I've been looking (with not much success) to find an FTP server with the following features:

1./ Be able to filter file extensions, (e.g. *.pdf) and/or
2./ Be able to filter by filename using file wildcards, (e.g. X*.*, or Readme*.*)

*Why?*
Because I would like to give a number of people access to a folder, called, say, "database" and subfolders. Clients need to be able to "read only" the directory and sub-folders and SOME files. Whereas employees I want to be able to read and edit ALL files.

I only want the clients to be able to see files that are for their eyes, and not work in progress, or invoice/contract data, etc. For example, .pdf files they could see, but the source files, .doc, I dont want them to have access to. PLUS, if there are files I don't want them to see, e.g. files beginning with an "X", then they are not visible to the client.

Unfortunately, every FTP server seems to have directory rights, but NO features for filename/extension filtering. There must be such FTP servers... but I haven't found one yet. 
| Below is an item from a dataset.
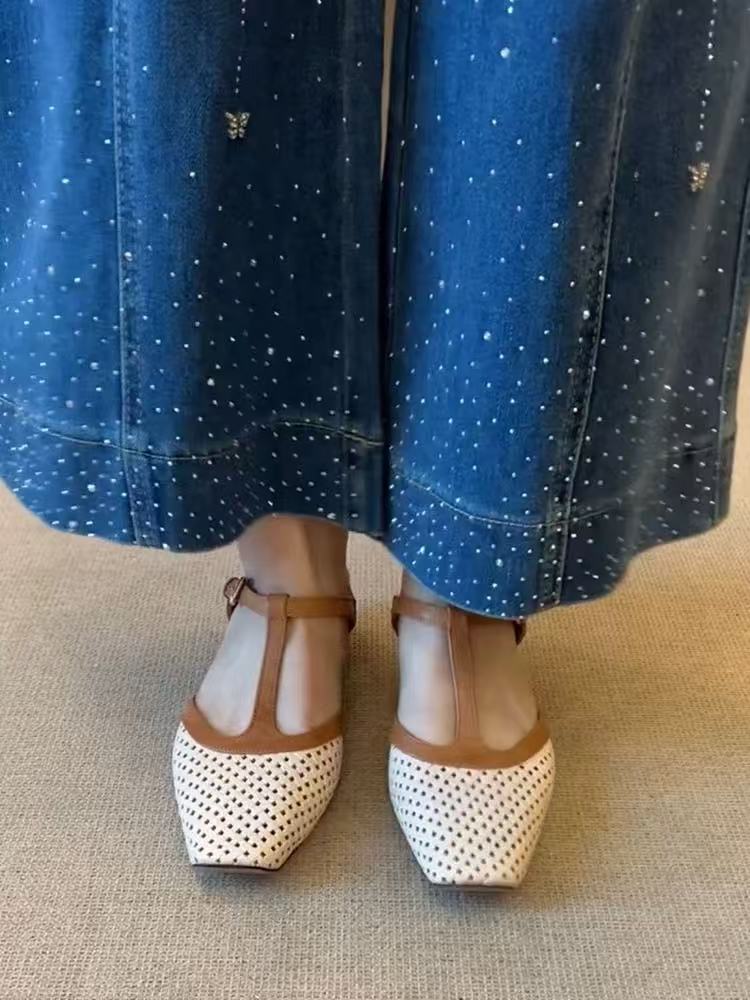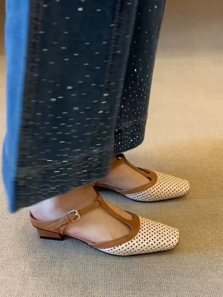 2025 여름 복고풍 부드러운 밑창 스퀘어 토 컬러 블록 T-스트랩 짠 중공 샌들 여성 통근용 두꺼운 굽 발가락 샌들

Can you suggest one? Alternatively, what is the BEST FTP software you have found... and I will approach the developer to add a simple file filter to the FTP server.


----------



## Thermopylae_480 (Jan 19, 2009)

Why don't you want to set up different directories with different permissions.  That seems the simplest solution?


----------



## lemonadesoda (Jan 19, 2009)

Let me give you an example of why your very sensible and simple solution doesnt work.

Too many directories/folders!

For a contract/project management purposes, we keep all the documents associated with one project/contract in a foldername which is straightforward to identify. There are hundreds of projects, across about 20 clients.

Here is an example of the folder heirarchy for clients:







and within one client, the folders for specific projects:






So I would like to allow a client user login into their directory structure, e.g. E-ABBA. which would then give them access to all the subfolders in thier root.

However, in these directories are some files I DONT WANT them to see or have access to, i.e. they get only LIMITED access to some files in the folder.  I can quite easily manage this with file extensions or filters on filenames. e.g. client gets to see only files .pdf, or only files starting with "E", etc.

To duplicate the whole folder heirarchy is possible, but horribly inefficient and then there could be duplicate files in the client only directory compared to the employee directory. A nightmare to manage. And the workflow to have to copy files from one directory structure to another. Horrible.

A simple file filter within FTP server would solve it... just like that!


----------



## FordGT90Concept (Jan 20, 2009)

Filtering could be defeated and access gained to all files in the folder--that's why they don't use filters as a user system...

What I would do is install IIS, ASPX, and a database (for a collection of who has access to what files--negating the need for lots and lots of folders).  The ASPX pages would serve up the files upon request (could and should authenticate the user before allowing to download).  That way, all information is kept explicitly private unless it is ordered to be made available to people via the web.


----------



## lemonadesoda (Jan 21, 2009)

OK, I found something:





This FTP server allows me to set filename and filetype access permissions by user, not JUST directory permissions as most FTP servers do. The combination of folder and filename/type permissions is very powerful.

PROBLEM SOLVED
Employees get access to specific client directories (and their subfolders of projects)
Clients get access to specific client directories (and their subfolders of projects) BUT only access to READ client-ready *.pdf documents.

BINGO!

However, if anyone else knows of alternative solutions, then please post!


----------